▶ _The problem_
Only one span of the material below is wanted. Output it exactly, from the line with "현대모비스의 주가는 1일" through the line with "Conjunto de acessórios, incluindo", without any pictures.

▶ _Extracted entries_
───
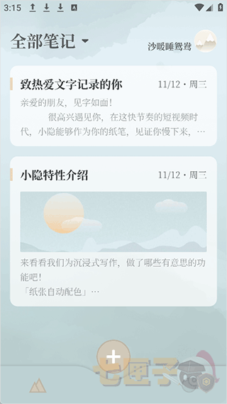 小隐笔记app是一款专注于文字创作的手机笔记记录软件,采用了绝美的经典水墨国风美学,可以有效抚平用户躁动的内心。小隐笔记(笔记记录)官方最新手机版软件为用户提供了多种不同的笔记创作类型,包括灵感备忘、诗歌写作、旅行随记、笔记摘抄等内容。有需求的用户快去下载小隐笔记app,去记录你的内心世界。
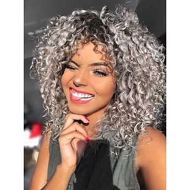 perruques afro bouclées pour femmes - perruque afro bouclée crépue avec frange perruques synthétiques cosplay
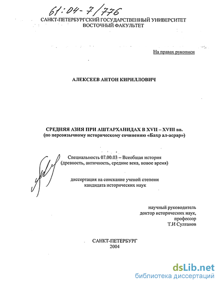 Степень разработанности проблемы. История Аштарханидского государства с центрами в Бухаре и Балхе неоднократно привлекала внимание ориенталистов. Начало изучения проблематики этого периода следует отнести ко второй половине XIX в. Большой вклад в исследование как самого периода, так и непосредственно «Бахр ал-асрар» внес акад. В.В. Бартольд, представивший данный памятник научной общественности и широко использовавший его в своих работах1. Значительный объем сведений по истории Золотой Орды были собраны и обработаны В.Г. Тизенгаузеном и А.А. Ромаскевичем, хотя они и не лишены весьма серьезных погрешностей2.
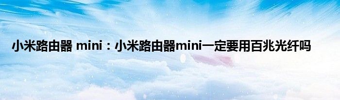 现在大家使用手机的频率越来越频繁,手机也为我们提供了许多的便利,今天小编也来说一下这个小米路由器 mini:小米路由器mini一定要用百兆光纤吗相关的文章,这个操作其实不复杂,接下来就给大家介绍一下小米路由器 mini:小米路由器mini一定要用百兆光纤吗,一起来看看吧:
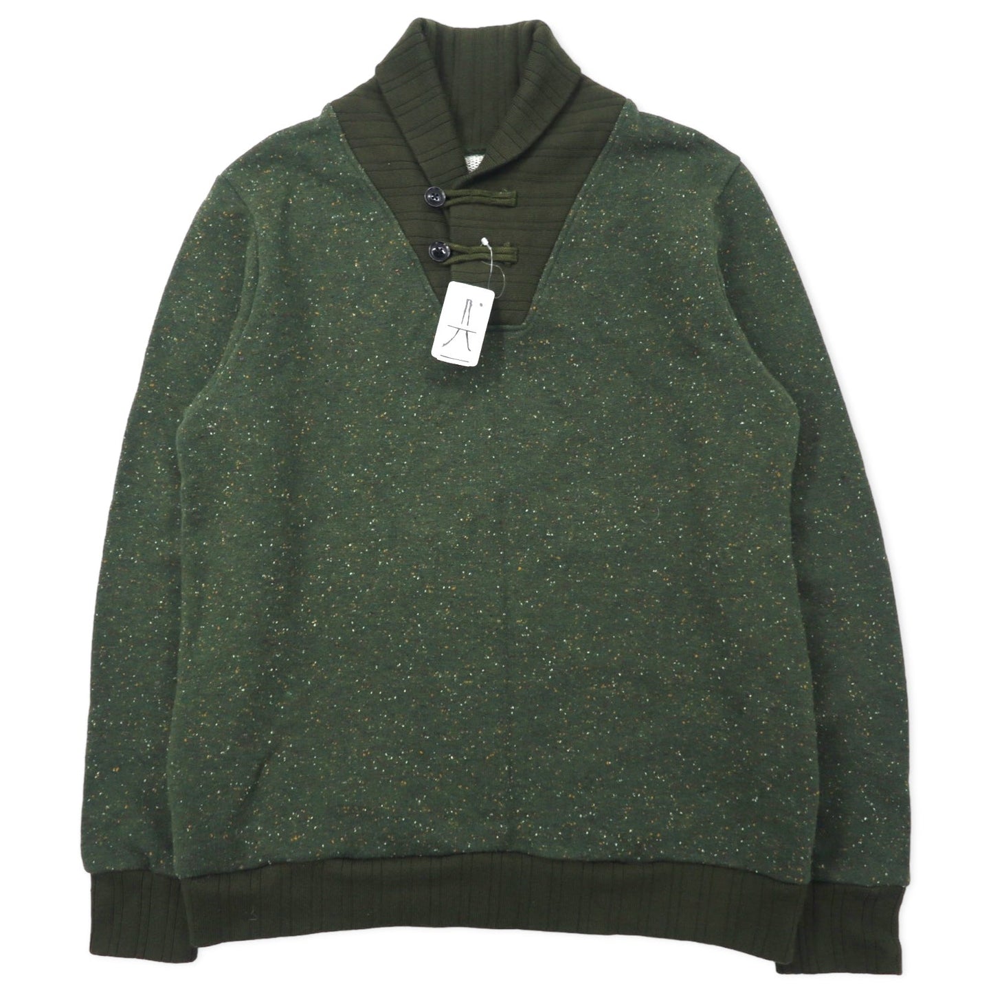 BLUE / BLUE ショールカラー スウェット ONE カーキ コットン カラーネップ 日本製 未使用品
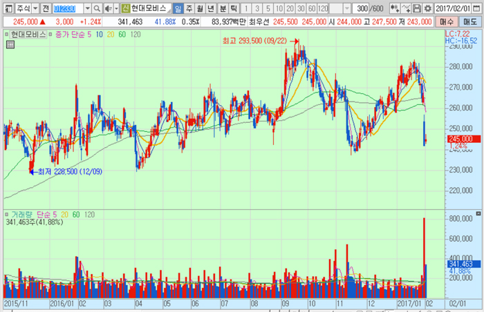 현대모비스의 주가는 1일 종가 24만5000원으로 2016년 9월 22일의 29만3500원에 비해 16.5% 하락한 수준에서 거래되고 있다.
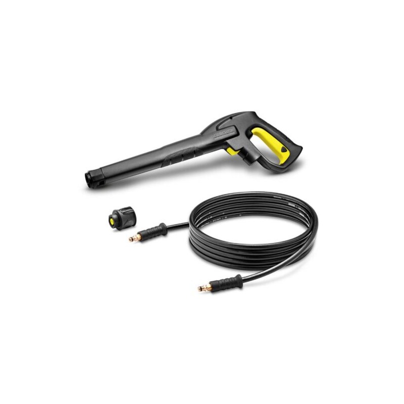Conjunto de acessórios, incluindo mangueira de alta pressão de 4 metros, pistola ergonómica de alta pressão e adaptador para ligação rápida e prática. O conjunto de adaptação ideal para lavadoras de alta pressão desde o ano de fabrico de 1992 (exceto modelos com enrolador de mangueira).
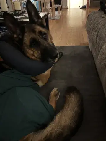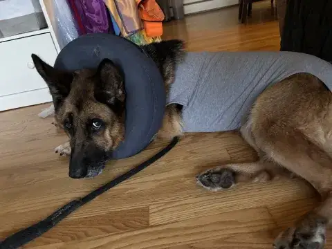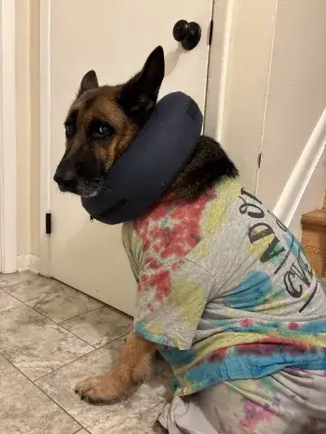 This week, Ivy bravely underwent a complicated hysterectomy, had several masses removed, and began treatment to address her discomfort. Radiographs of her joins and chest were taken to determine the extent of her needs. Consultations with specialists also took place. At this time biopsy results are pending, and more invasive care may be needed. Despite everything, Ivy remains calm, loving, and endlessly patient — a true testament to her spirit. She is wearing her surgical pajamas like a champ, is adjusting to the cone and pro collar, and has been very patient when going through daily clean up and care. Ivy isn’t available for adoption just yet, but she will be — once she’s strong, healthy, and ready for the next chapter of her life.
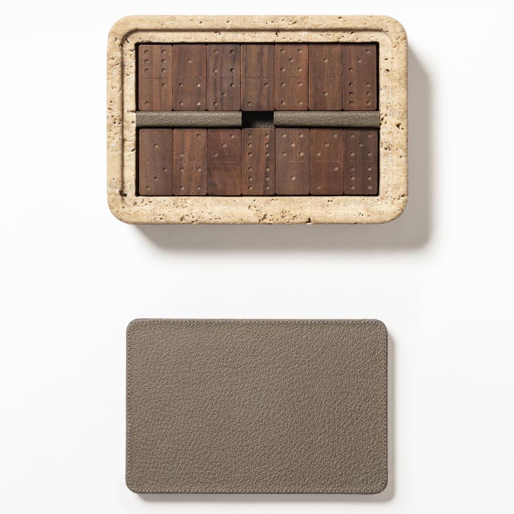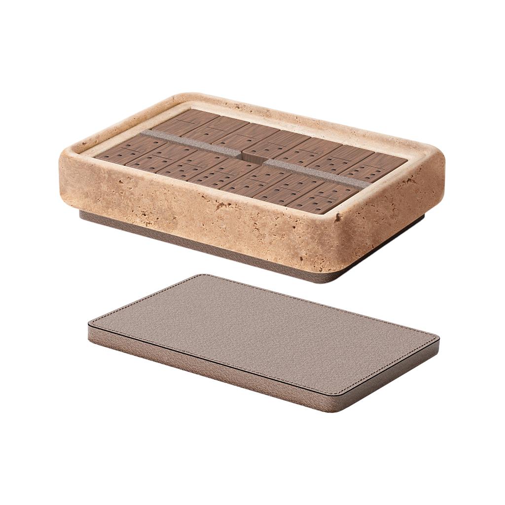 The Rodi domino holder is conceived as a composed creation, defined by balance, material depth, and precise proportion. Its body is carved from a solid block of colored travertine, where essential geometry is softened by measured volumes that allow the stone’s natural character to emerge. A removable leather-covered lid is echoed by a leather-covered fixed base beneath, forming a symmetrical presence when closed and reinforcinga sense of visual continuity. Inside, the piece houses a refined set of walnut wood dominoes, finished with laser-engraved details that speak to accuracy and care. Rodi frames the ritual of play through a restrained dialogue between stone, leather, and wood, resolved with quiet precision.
───
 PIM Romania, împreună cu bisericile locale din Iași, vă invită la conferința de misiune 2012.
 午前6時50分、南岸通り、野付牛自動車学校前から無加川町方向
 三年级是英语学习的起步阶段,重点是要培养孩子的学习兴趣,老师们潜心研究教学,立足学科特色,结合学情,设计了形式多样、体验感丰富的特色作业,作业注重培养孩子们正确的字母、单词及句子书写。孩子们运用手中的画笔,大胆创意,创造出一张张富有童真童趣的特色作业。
───
▶ _Written response_
 현대모비스의 주가는 1일 종가 24만5000원으로 2016년 9월 22일의 29만3500원에 비해 16.5% 하락한 수준에서 거래되고 있다.
Conjunto de acessórios, incluindo mangueira de alta pressão de 4 metros, pistola ergonómica de alta pressão e adaptador para ligação rápida e prática. O conjunto de adaptação ideal para lavadoras de alta pressão desde o ano de fabrico de 1992 (exceto modelos com enrolador de mangueira).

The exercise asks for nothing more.